Anna Karina, le dos d'Howard Vernon et Laszlo Szabo dans Alphaville (Godard, 1965)

Laszlo Szabo a aussi joué pour Costa-Gavras (L'aveu, 1969), Claude Berri (Le mâle du siècle, 1974), Michel Deville (Le dossier 51, 1978), Patrice Chéreau (Judith Therpauve, 1978), François Truffaut (Le dernier métro, 1980), Jacques Rivette (L'amour par terre, 1983) ou Eric Rohmer (Les nuits de la pleine lune, 1984). Plus récemment, on l'a vu dans plusieurs films signés par des "héritiers" de la Nouvelle vague comme Arnaud Desplechin (La sentinelle, 1991 ; Esther Kahn, 1998 ; En jouant "Dans la compagnie des hommes", 2002), Olivier Assayas (L'eau froide, 1993) ou Mathieu Amalric (Mange ta soupe, 1997). Pas grand-chose à jeter dans tout ça !
Difficile de trouver un nanar ou une vraie daube dans la filmographie de Laszlo Szabo, à part Girls (1978) de Just Jaeckin (réalisateur d'Emmanuelle) avec une Anne Parillaud tout juste sortie de l'adolescence... et Paroles et musique (Chouraqui, 1984) avec Christophe Lambert et Richard Anconina en chanteurs auxquels on ne croit pas une seule seconde... surtout que, rockers assumés, ils chantent du Michel Legrand !

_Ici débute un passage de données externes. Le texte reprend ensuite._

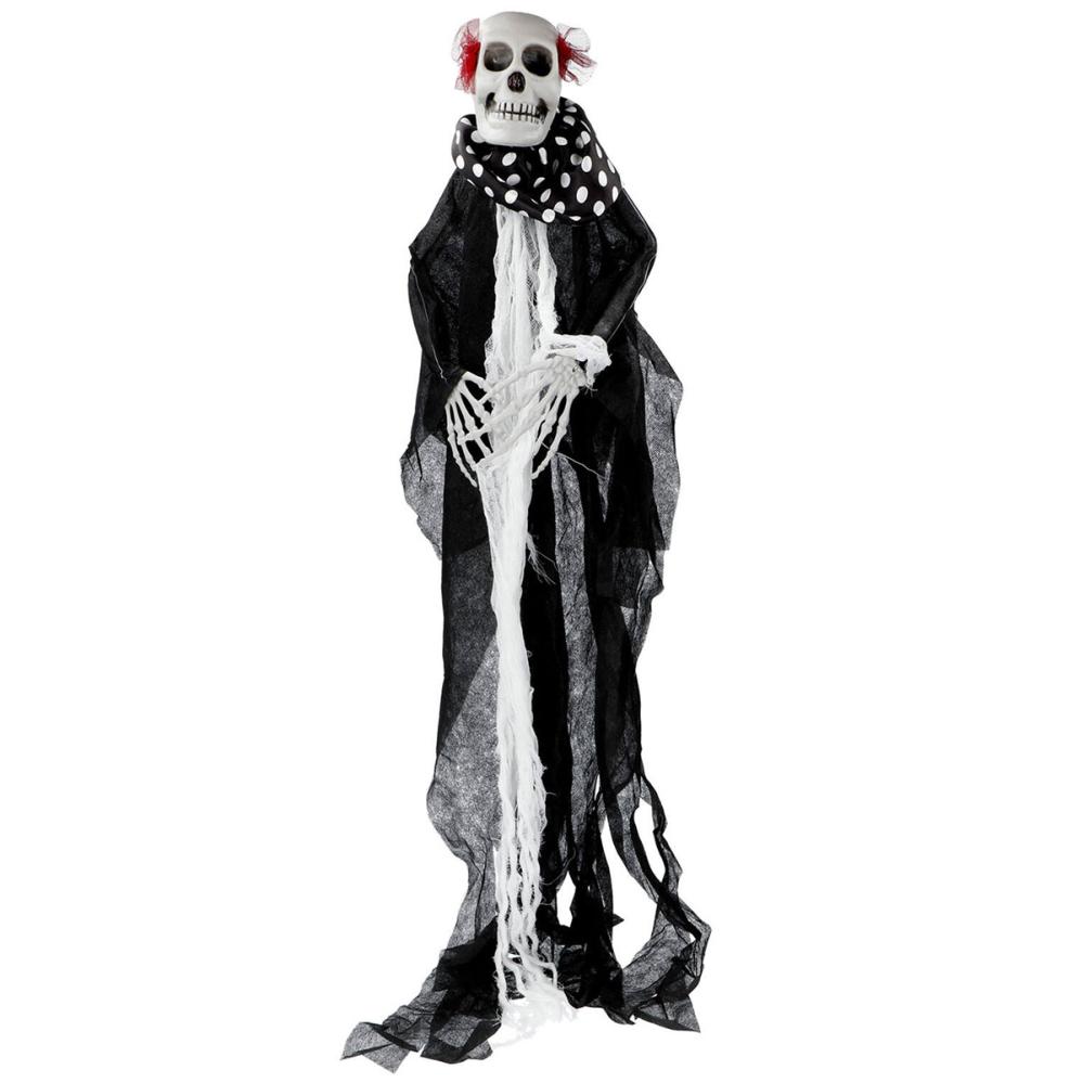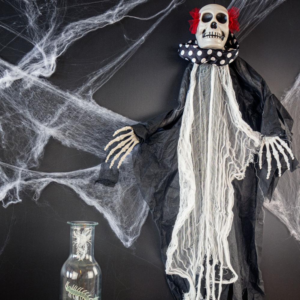 Skap riktig stemning med denne hengende Halloween skjelettdekorasjon i form av en skummel klovn. Perfekt som Halloween pynt med bøybare armer og enkel opphenging for en effektfull halloweenfest dekorasjon både inne og ute.
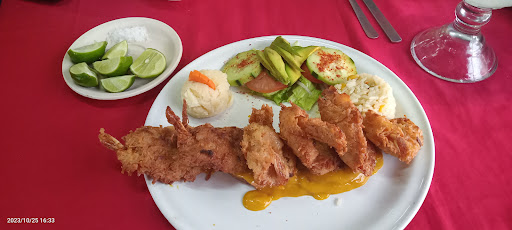 Así que decidí probar los camarones de coco sobre los que todos han escrito .... No es un gran cosa, yo acomido mucho mejor. Primero no estaban frescos... O tal vez era solo el aceite en el que estaban fritos, también la masa era pesada, no era horrible, simplemente no le llama atención a el apetito. La extraña pasta de cítricos que se sirve debajo de los camarones tiene un sabor extraño, especialmente cuando se come con el plátano frito con el que viene, una vez más, raro y sin gusto. Sorprendido, el arroz se sirvió frío que acompañó a los camarones. Larga historia corta, si realmente quieres ricisimos camarón de coco... A solo un minuto de distancia, acrusar la calle, encuentras es el mejor camarón de coco en Zihua. El Diablo me hizo escribirlo.
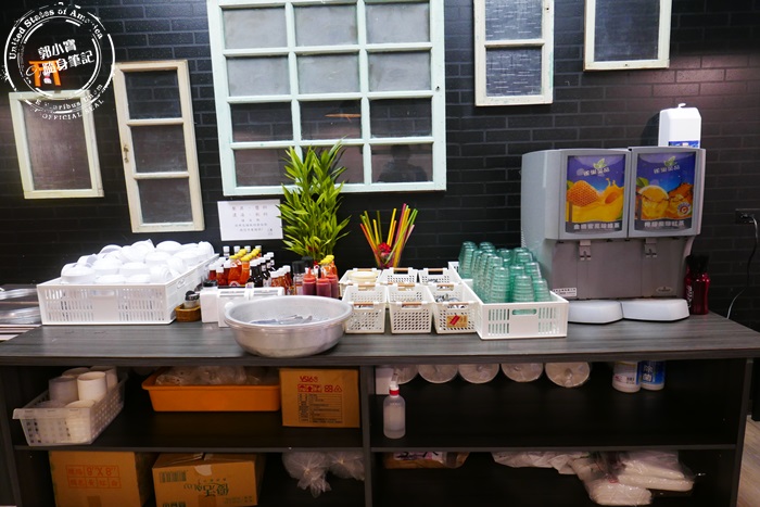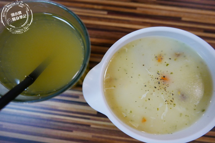 | 店內中間區有放置飲料跟濃湯自取處,餐具醬料也都是自助式的,所以飲料跟濃湯都是喝到飽,是不是很超值? |
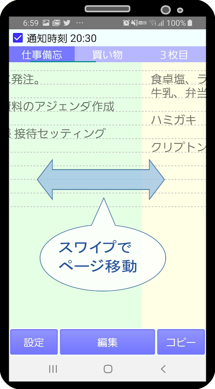 5ページだけのシンプルなメモ帳です。通知設定すれば、毎日 決まった時間に確認できるから安心です。備忘メモ、買い物メモなど、使い方いろいろ !(^^)!
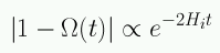 Durante la inflación causada por una constante cosmológica constante, H se mantiene constante y a(t) crece exponencialmente, por lo cual la diferencia entre Ω y 1 decrece exponencialmente:
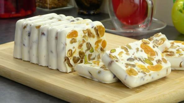 Dodajte pripremljene orašaste plodove i seckano suvo voće u kremastu smesu. Lagano promešajte kašikom dok se sve ravnomerno ne sjedini. Pripremite kalup za tortu i premažite ga tankim slojem maslinovog ulja (ili koristite papir za pečenje). Sipajte smesu u kalup i ravnomerno rasporedite. Pokrijte prozirnom folijom. Stavite u frižider na najmanje 4 sata (ili preko noći) da se kolač stegne.
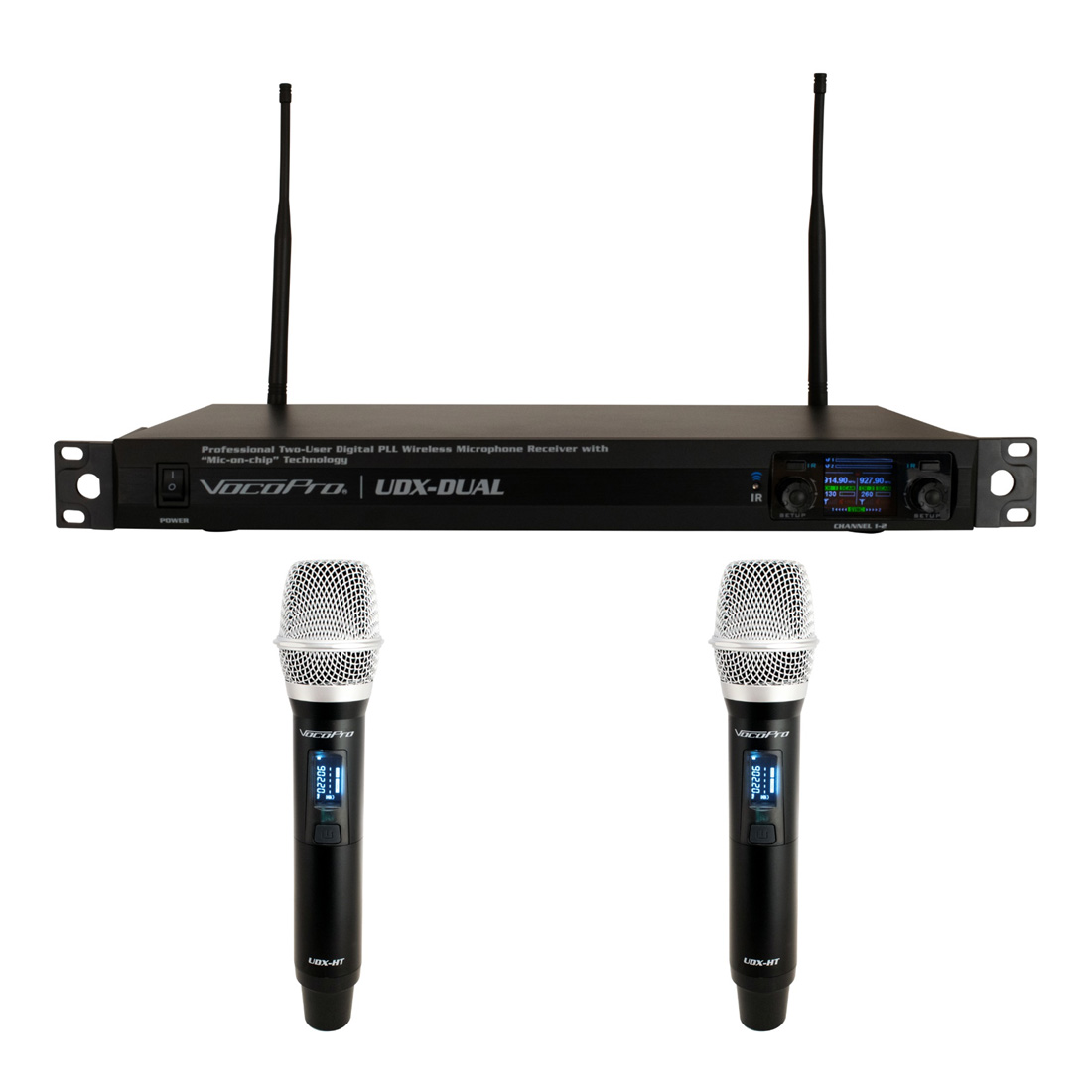 VocoPro's new UDX-DUAL-HANDHELD is a professional two-person digital PLL wireless microphone system designed for DJ, karaoke bars, houses of worship, and schools. Featuring cutting-edge "Mic-on-Chip"™ technology, this system delivers crystal-clear vocals and reliable performance at an unbeatable value.

Le Film du jour n°187 : Zig Zig

Laslo Szabo et Jean-Pierre Léaud dans Made in USA (Godard, 1966) (image : www.allocine.fr © Ciné Classic)

Outre Zig Zig, l'acteur a réalisé un autre film avec Bernadette Lafont, une comédie policière (déjà loufoque) intitulée Les gants blancs du diable (1971), ainsi que deux longs métrages de fiction tournés en Hongrie, dont David, Thomas et les autres (1984) avec Jean-Louis Trintignant et Jean Rochefort.

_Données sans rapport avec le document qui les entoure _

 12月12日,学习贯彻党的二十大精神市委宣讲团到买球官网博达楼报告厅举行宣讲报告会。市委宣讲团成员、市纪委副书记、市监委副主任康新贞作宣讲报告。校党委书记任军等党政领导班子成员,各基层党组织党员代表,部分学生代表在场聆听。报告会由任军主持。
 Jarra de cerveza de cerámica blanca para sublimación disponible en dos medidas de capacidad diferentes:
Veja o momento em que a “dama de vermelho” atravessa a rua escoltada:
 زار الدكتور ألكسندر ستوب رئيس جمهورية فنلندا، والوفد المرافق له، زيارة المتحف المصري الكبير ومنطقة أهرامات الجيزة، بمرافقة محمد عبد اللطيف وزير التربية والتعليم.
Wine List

Laszlo Szabo, que l'on a aussi vu dans certains films signés par des réalisateurs hongrois réputés comme Miklos Jancso (Silence et cri, 1967 ; Sirocco d'hiver, 1969), Marta Meszaros (Marie, 1968 ; Adoption, 1974 ; Comme chez nous, 1978 ; Une mère, une fille, 1981) ou Istvan Szabo (Hanussen, 1988), était encore sur les écrans français en 2007 dans Parc d'Arnaud des Pallières, aux côtés de Jean-Marc Barr et Sergi Lopez.